Irgendwann in dieser Zeit muss Jasmin H. vergewaltigt worden sein. Der Täter sei verurteilt worden, teilt Richter Volker Wagner mit. Einen Zusammenhang zwischen dem Kindesentzug und Michael gebe es nicht, herrscht die Beschuldigte den Staatsanwalt an. "Das ist doch Schwachsinn!" Auf Nachfrage Wagners verneint sie gar, dass das Baby tot sei. Auch deshalb hält Hartmann die dauerhafte Unterbringung in der forensischen Psychiatrie für dringend geboten.
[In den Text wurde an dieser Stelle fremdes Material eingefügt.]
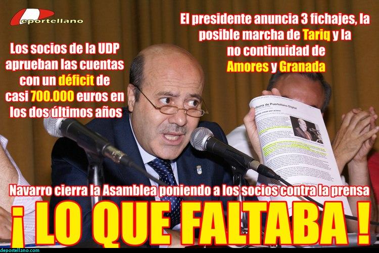 Ojala se cumpla todo lo bueno prometido y el club quede saneado antes del 31 de julio. Todos estaremos contentos y algunos seguirán siendo periodistas y presidentes de segunda B con aspiraciones a subir un poco más. A pesar de ello, no se puede cerrar los ojos ante una mala gestión económica y deportiva que ha llevado al club a esta situación a día de hoy. Nadie comprende como han podido pasar tres entrenadores y mucho menos por qué se despidió a uno que tenía al equipo quinto en la tabla y desplegando el mejor juego en años. La excusa: que no se hizo con el vestuario, “se reían de él, e incluso le mandaban a hacer puñetas por no decir cosas peores”, comentó Navarro.. Culpa del entrenador y no de los irrespetuosos jugadores. Casi nadie comprende tampoco como se han pagado casi 350000 euros más en sueldos que los presupuestados cuando se prometió en la anterior asamblea un recorte en las nóminas (se fueron buenos jugadores a los que se tuvo que indemnizar por esta causa). Tampoco se comprende como no se incluyeron en las partidas previstas algunos conceptos como el presupuesto del 60 aniversario o los intereses bancarios que se deberían conocer con anterioridad de forma muy aproximada.
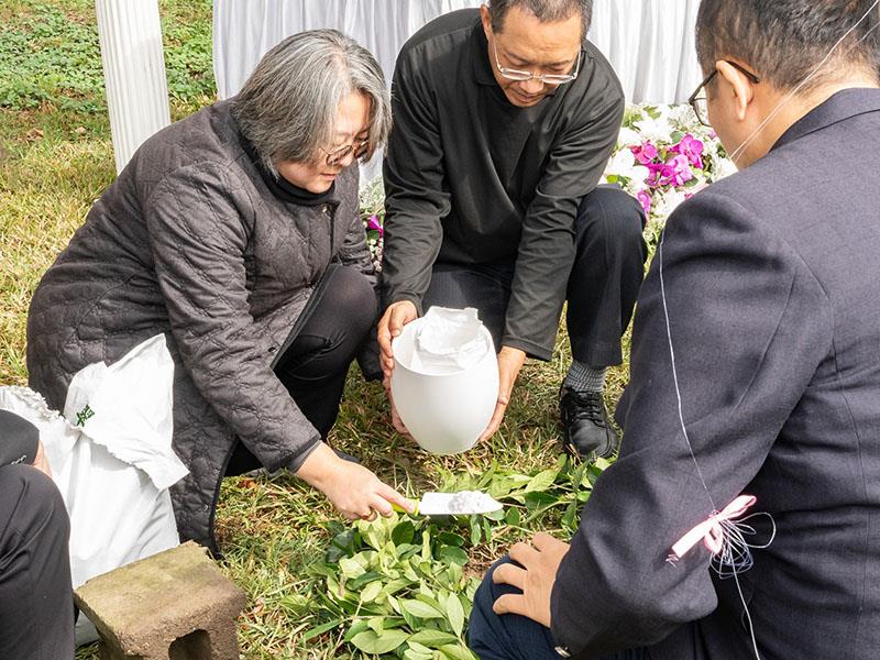 南華大學生命禮儀研究中心舉辦「自然葬儀式的創新與展演」活動,展演團隊模擬處理骨灰入土。
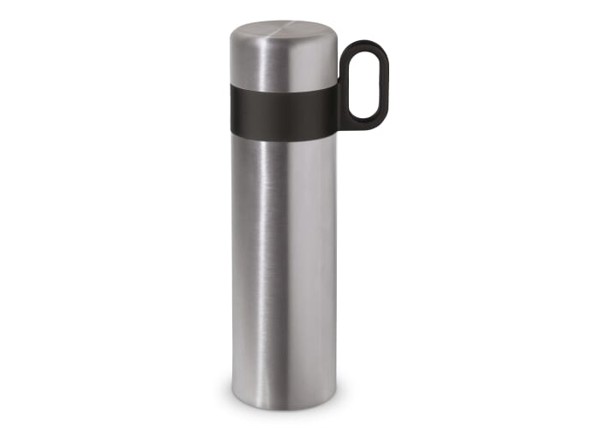 Double wall vacuum insulated bottle from the 'Flow' series. The mug is 100% leak-free and easy to carry. The cap serves as a mug. The inner and outer wall are made of high quality stainless steel. Drinks will stay warm up to 12 hours and/or cold up to 24 hours. Designed by Toppoint.
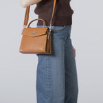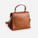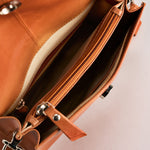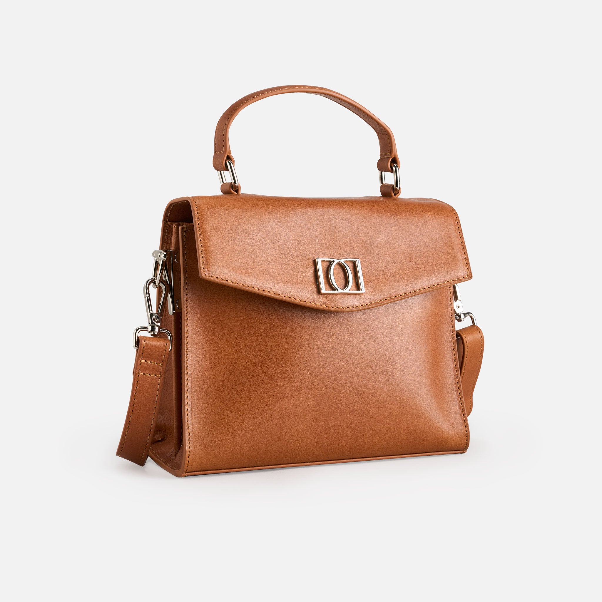 Handväska i natur vegetabiliskt garvat läder. Väskan rymmer mobil och plånbok. Justerbar axelrem. Mått: 20 x 17 x 8 cm
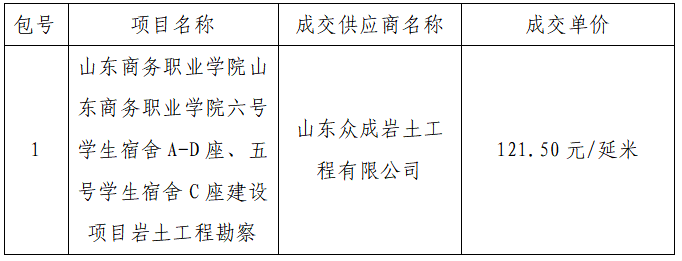 山东商务职业学院六号学生宿舍A-D座、五号学生宿舍C座建设项目岩土工程勘察成交结果公告
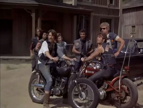 Sixties Canadian TV show with biker gang member toting around on a Triumph Cub…. Must be an initiation thing!
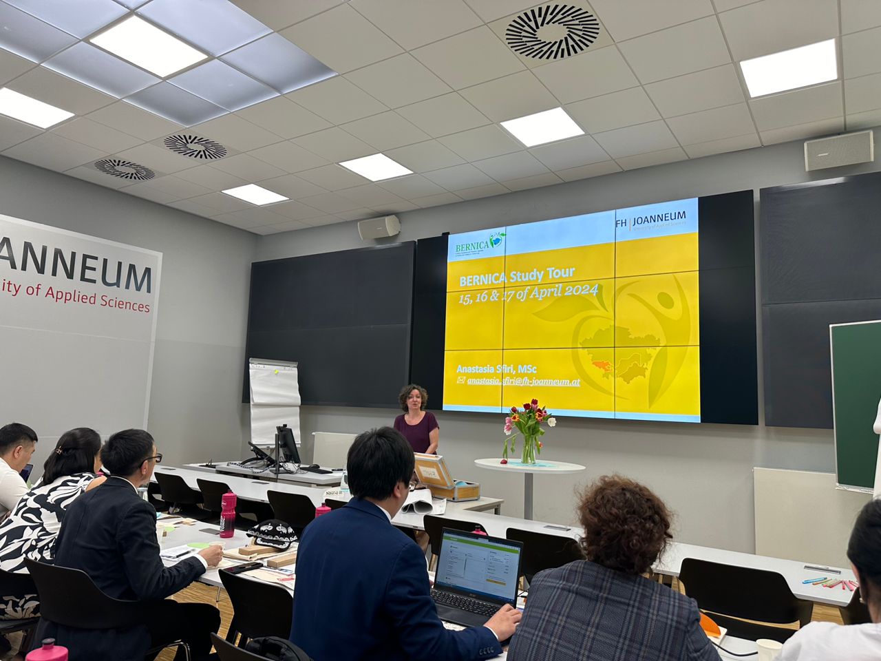 15.04.2024 начался очередной учебный тур в рамках проекта BERNICA Erasmus+. Делегация ОшГУ во главе с деканом ММФ, координатором проекта, профессором Р.К. Калматовым, директором клиники ОшГУ, тренером-исследователем проекта, PhD Ж.Б. Иметовой и преподавателем кафедры Клинических дисциплин 1 А.Н. Оморовой познакомились с директором института Нутрициологии и диетологии при университете прикладных наук FH-Joanneum Элизабет Пэйл, MBA MSc.
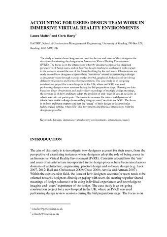 The study examines how designers account for the use and users of their design in the situation of reviewing the design in an Immersive Virtual Reality Environment (IVRE). The focus is on the interactions whereby designers express the imagined perspective of being users, and on how the design meeting is configured with respect to the concern around the use of the future building by the real users. Observations are made around how designers express these ‘narratives’ around experiencing a design as imaginary users through various modes (verbal, graphical, behavioural) involving different procedures and forms of representation. The case study is an on-going construction project for a new hospital in the UK, where an IVRE was used performing design review sessions during the bid preparation stage. Drawing on data based on direct observation and audio-video recordings of multiple design meetings, the scrutiny is on how architects adopt the position of end- users in design sessions in which users do not participate. The aim is to examine the nature and dynamics of interactions inside a design team as they imagine users’ needs in an IVRE. The focus is on how architects express and test the ‘usage’ of their design in this particular technological setting, where life- like movements and physical interactions with the design are possible.
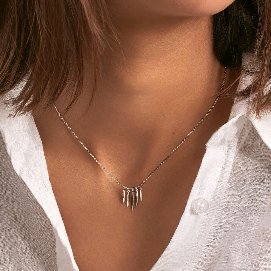 Collier mi-long, en argent véritable 925/1000, avec, en pendentif, un rideau de pampilles rayonnantes.
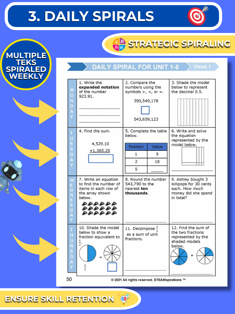 - Daily Spirals: We have structured our math program to ensure continuous review by revisiting all previously taught skills each week, thus ensuring mastery. Normally, by the 7th unit, students are reviewing over 15 skills bi-weekly, covering all material from the first four units. (HIghlight daily spiral by teks.

Der Todeszeitpunkt liegt laut Staatsanwalt zwischen dem 12. und dem 20. April 2017. Am 11. April war die Mutter noch in der Wohnung eines Bekannten in Ludwigshafen-Friesenheim gesehen worden, neun Tage später kam sie bei einem Kumpel in Weinheim unter - ohne Baby. Anwältin Lorz-Felten hält im Gegensatz zum Staatsanwalt auch einen plötzlichen Kindstod für möglich, der frühestens vier Wochen nach der Geburt eintritt. Michael kam am 22. März 2017 zur Welt. "Er könnte am 29. Tag nach der Geburt noch gelebt haben", sagt die Anwältin unter Berufung auf die Berichte von zwei Rechtsmedizinerinnen. Auch könnte der ebenfalls psychisch kranke und drogenabhängige Kumpel in Friesenheim das Kind getötet haben. Er sei nach dem Besuch seiner Betreuerin am 11. April vorübergehend verschwunden. Lorz-Felten verweist auch auf einen Zeugen, der aussagte, dass die Wickeltasche in dem "lichten Waldstück" unmöglich monatelang unentdeckt geblieben sein könnte.
Die Beschuldigte saß aber bereits seit Juni wegen Diebstahlsdelikten in Untersuchungshaft. Aufgrund all dieser mutmaßlichen Ungereimtheiten fordert die Verteidigerin einen Freispruch. Das Gericht solle allerdings einen Betreuer bestellen, der für die psychotherapeutische Hilfe ihrer Mandantin sorge. Jasmin H. befindet sich in einer Klinik für forensische Psychiatrie. Die Anstaltsleiterin berichtet, dass sie die Einnahme von Medikamenten ablehne, was ihre schizophrene Erkrankung verschlimmern könne. Außerdem soll sie sich auf der geschlechtergemischen Station um ungeschützten Sex mit männlichen Patienten bemüht haben, um wieder Mutter zu werden. Das sei verhindert worden.